Синдром неизвестности. Рассказы - Евгений Александрович Шкловский
Домик в Дахау
Я видел там светлые рощицы белоствольных берез, высокие благоухающие хвоей сосны с рыжими янтарными стволами, обработанные поля, цветущие луга и так далее. Чистые, неторопливо струящие воды речки, тихие дремлющие озера, в которых плещется голубое небо…
Европа!
Климат умеренный, зима мягкая, лето щадящее. Домик в такой местности самое то. Аккуратненький, как на открытке: красная черепичная крыша, небольшие отсвечивающие на солнце окна… Камень к камню, дощечка к дощечке.
В палисадничке розы, на подоконнике еще какая-нибудь элегантная трогательная растительность.
Дороги – блеск! Ровные, гладкие, будто только вчера заасфальтировали. Вообще все вылизано, в лесу палки завалящей не найдешь, так все обихожено. Чистота и порядок. Ordnung, одним словом.

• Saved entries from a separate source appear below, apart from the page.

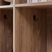 Keep your entranceway neat and organised with the Maverick Coat Locker. This versatile storage unit features three hanging spaces for coats, scarves and bags, plus multiple open shelves for shoes, baskets or loose items. Designed with a warm mid-brown wood-look finish, it adds both style and practicality to your mudroom or hallway.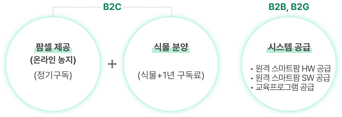 ❷ B2B/B2G 대상의 스마트팜 시스템 매출은 원격 스마트팜 HW 및 SW 공급, 교육프로그램 공급으로 구성되어 있습니다. HW의 경우, 1식 기준 공급가(1천만원/식)가 책정되며 설치 공간이나 요구 사항에 따른 맞춤형 시스템 설치가 가능합니다(SW는 HW 공급 시 무상 제공+대시보드 및 AI 기능 등 맞춤형 시스템 가능). 교육프로그램은 총 20회 교육(HW 및 SW 운영) 기준으로 공급가를 책정하고 있습니다.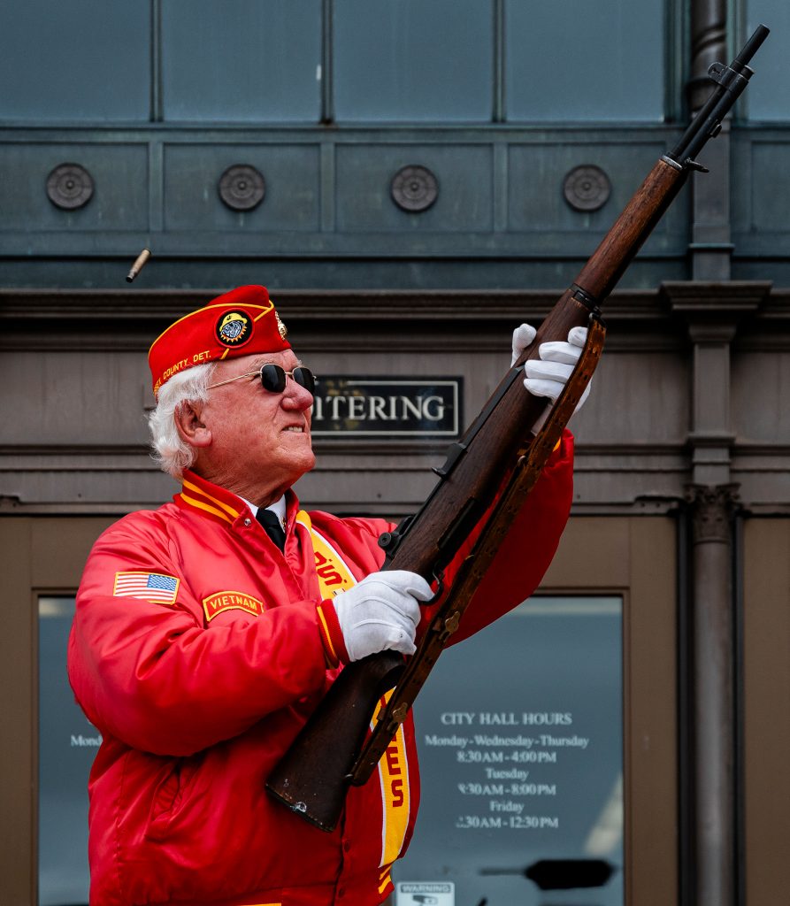 Bob Lennon, a member of the Essex County Marine Corps League, fires a volley to honor Lynn veterans who gave their lives during the Vietnam War.

Умеют люди жить. Уважают себя и природу. Славно, славно…
Ненависть слишком сильное чувство, я на такое не способен. Да уже и позади всё, в прошлом. Ко мне не имеет никакого отношения. Прошлое, я имею в виду. Мало ли что бывало в истории человечества, какие непотребства. И что теперь? Не жить вовсе?
Читали. Фильмы смотрели. И все равно остается загадкой: как такое могло случиться? Как вроде бы обычные нормальные люди могли провалиться в такую невообразимую дикость?
Нет ответа. За пределами разума. Вообще всего, что человечество нажило за долгие века. Взяли и порушили, опрокинули, разбили вдребезги. Растоптали. Причем не только тех, кто угодил в эти жернова. Но даже и тех, кого сия участь миновала и кто приходит в этот мир с верой и надеждой.
И ради чего? Ради собственного возвышения. Ради господства над другими. Ради… Мозги, кровью набухшие, набекрень. Всей нацией, всем стадом – за истеричным маньяком с клоунскими усиками. За выродком, возомнившим себя сверхчеловеком.
Нет, сколько ни думай, в голове не умещается. Морок, наваждение, кошмарный сон, массовая шизофрения. Не случайно многие из молодых просто не верят в то, что такое действительно было. Ни документы, ни фото, ни кинокадры не убеждают. Если поверить, то как жить? С этим знанием.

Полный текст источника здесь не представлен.